O'Sullivan attended the state school in Taringa before completing his education at St. Joseph's Nudgee College. He followed his father into the legal profession, serving articles of clerkship with firms in Brisbane and Warwick. He did not attend law school but was admitted as a solicitor in December 1922 by examination. He subsequently took over his father's practice in Brisbane, later forming a partnership with John Joseph Rowell.

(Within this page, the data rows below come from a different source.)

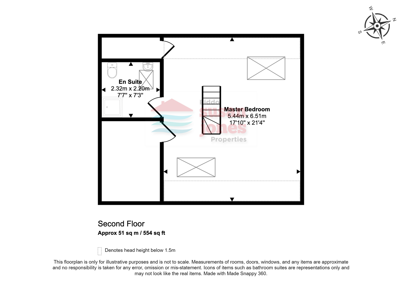 Llofft atig 5 | attic bedroom 5: - 5.44m x 6.51m (17'10" x 21'4") Maximum measurements.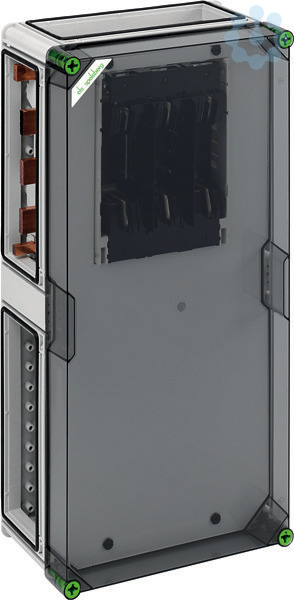 NH-Reiter-Sicherungsgehäuse, Industrie Qualität, 1 x NH 1-Reiter-Sicherungsunterteil, Schraubanschluss M10, Abgang unten, auf Sammelschiene 5-polig, N-Klemme 16-120qmm, PE-Klemme 16-120qmm, 4 x Gehäuseverbinder (GGV), auf Sammelschienensystem 250 A, mit transparentem Deckel
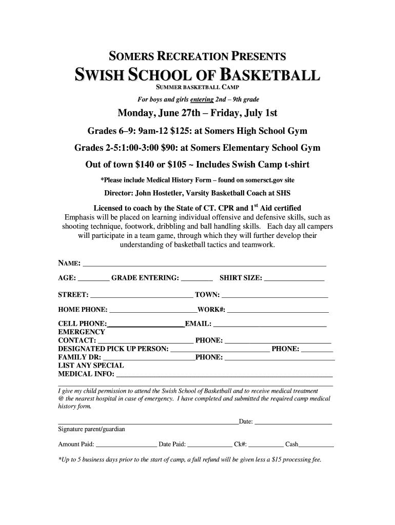 Get the free Somers Recreation Department: Town of Somers Recreation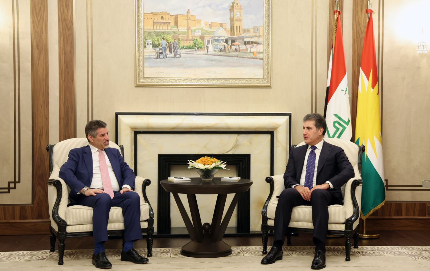 ئێوارەی ئەمڕۆ شەممە، 23-08-2025، نێچیرڤان بارزانی، سەرۆکی هەرێمی کوردستان لە هەولێر پێشوازی لە ستیڤن ڤەیگن، هەڵسووڕێنەری کاروباری باڵیۆزخانەی ئەمریکا لە عێراق کرد و پرسی مووچە و پەیوەندییەکانی نێوان هەولێر و بەغدایان تاوتوێ کرد.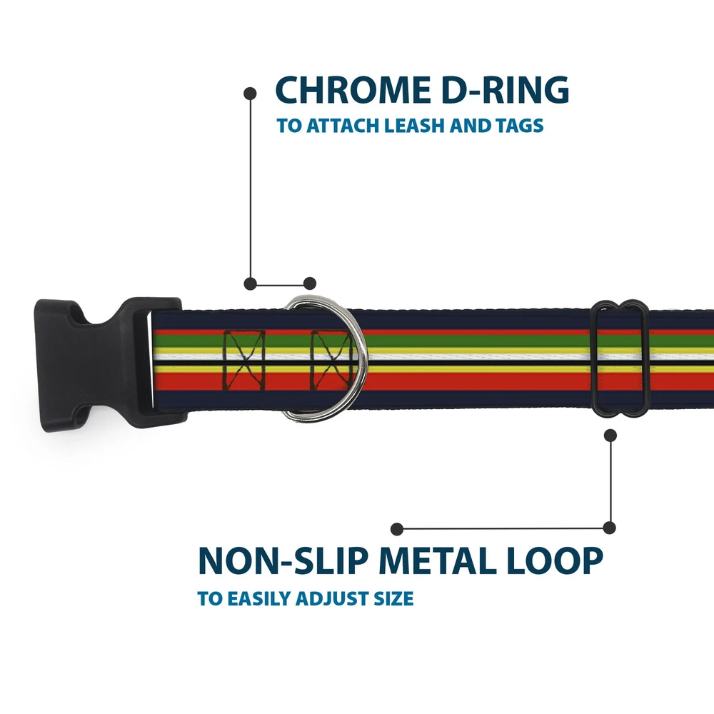 Plastic Clip Collar Stripes Navy/Red/Yellow/Black/White/Green Small 9.5-13"

Regarded as "a leader of Brisbane's mercantile sector", O'Sullivan was president of the Brisbane Chamber of Commerce from 1936 to 1937 and the Property Owners' Protection Association from 1937 to 1938. He served in the Royal Australian Air Force from May 1942 to December 1944, performing intelligence and administration in Australia and the South-West Pacific. He was commissioned as a flying officer and met future prime minister John Gorton while stationed at Milne Bay.

Political career

O'Sullivan ran unsuccessfully for the United Australia Party (UAP) in the Division of Brisbane at the 1934 federal election. He was also an unsuccessful candidate for the Queensland UAP in the seat of Windsor at the 1941 state election.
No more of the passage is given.